All of this makes it sound like SharedAndWake is only used to signal S0ix wake capabilities. I think we need to teach the dev_pm_set_wake_irq to only enable the wake IRQ when entering an S0ix state (if the system is ACPI). Or the other option is to move management of the Wake interrupt into the ACPI subsystem (just like _PRW wake is handled today). This will remove the need for the drivers to register the Wake IRQ (for ACPI systems).
Checking your idea is cheap and that's a cleaner solution if it works.
Having though about this idea over night, I think it's going to break the _AEI based GPIOs. I'm assuming acpi-gpio subsystem will eventually call irq_set_wake on the GPIO controller. :/
Having though about this idea over night, I think it's going to break the _AEI based GPIOs. I'm assuming acpi-gpio subsystem will eventually call irq_set_wake on the GPIO controller. :/
What's worth noting is in the implementations I've seen _AEI based GPIOs are disabled when the system is set to S3. If you compare the ACPI dumps above from those Lenovo systems (specifically ssdt5.dat) you'll see they only use _AEI for S2idle mode. That is likely implementation dependent though and I don't see a reason _AEI couldn't be used in a design with S3.
All of this makes it sound like SharedAndWake is only used to signal S0ix wake capabilities. I think we need to teach the dev_pm_set_wake_irq to only enable the wake IRQ when entering an S0ix state (if the system is ACPI).
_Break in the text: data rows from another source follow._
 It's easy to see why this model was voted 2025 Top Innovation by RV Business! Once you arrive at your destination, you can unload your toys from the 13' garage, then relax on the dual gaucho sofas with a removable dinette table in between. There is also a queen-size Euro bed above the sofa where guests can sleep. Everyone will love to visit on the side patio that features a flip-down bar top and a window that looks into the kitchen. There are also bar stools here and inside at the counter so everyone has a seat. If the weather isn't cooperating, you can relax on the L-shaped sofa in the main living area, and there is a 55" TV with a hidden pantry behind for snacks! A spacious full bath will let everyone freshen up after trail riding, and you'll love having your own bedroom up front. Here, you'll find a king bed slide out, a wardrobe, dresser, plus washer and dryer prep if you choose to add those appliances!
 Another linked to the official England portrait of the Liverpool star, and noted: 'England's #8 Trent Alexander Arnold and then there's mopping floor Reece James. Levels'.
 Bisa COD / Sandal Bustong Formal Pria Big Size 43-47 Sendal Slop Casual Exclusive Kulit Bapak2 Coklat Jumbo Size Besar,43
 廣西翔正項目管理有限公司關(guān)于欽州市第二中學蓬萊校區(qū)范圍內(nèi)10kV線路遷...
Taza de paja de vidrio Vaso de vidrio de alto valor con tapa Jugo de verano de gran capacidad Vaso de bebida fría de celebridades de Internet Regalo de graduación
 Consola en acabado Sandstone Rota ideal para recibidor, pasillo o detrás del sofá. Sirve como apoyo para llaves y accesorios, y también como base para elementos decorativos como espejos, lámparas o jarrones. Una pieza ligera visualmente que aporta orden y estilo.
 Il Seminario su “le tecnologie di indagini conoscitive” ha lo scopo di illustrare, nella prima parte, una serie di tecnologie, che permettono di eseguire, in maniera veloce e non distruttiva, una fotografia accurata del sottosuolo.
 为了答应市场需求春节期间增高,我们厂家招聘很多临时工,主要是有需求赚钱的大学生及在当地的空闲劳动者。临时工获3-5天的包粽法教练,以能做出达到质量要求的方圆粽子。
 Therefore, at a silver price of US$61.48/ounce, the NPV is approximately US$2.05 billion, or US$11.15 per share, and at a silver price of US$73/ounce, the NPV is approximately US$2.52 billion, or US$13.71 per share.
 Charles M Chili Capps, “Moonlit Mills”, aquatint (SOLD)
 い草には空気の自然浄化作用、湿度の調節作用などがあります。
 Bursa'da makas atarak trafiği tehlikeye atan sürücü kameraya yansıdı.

Or the other option is to move management of the Wake interrupt into the ACPI subsystem (just like _PRW wake is handled today). This will remove the need for the drivers to register the Wake IRQ (for ACPI systems).
Would you mind taking a stab at threading that needle? Depending upon how complex it turns out to be, maybe one of the other solutions outlined here can be temporarily put into place for fixing this in 6.2/6.1, and reverted for 6.3 with that.
So I've tested this patchline on top of Debian's 6.1.7, and can indeed confirm that in both S3/Linux and S0ix/Windows BIOS configuration, suspend and restore work fine now. Awesome, thanks!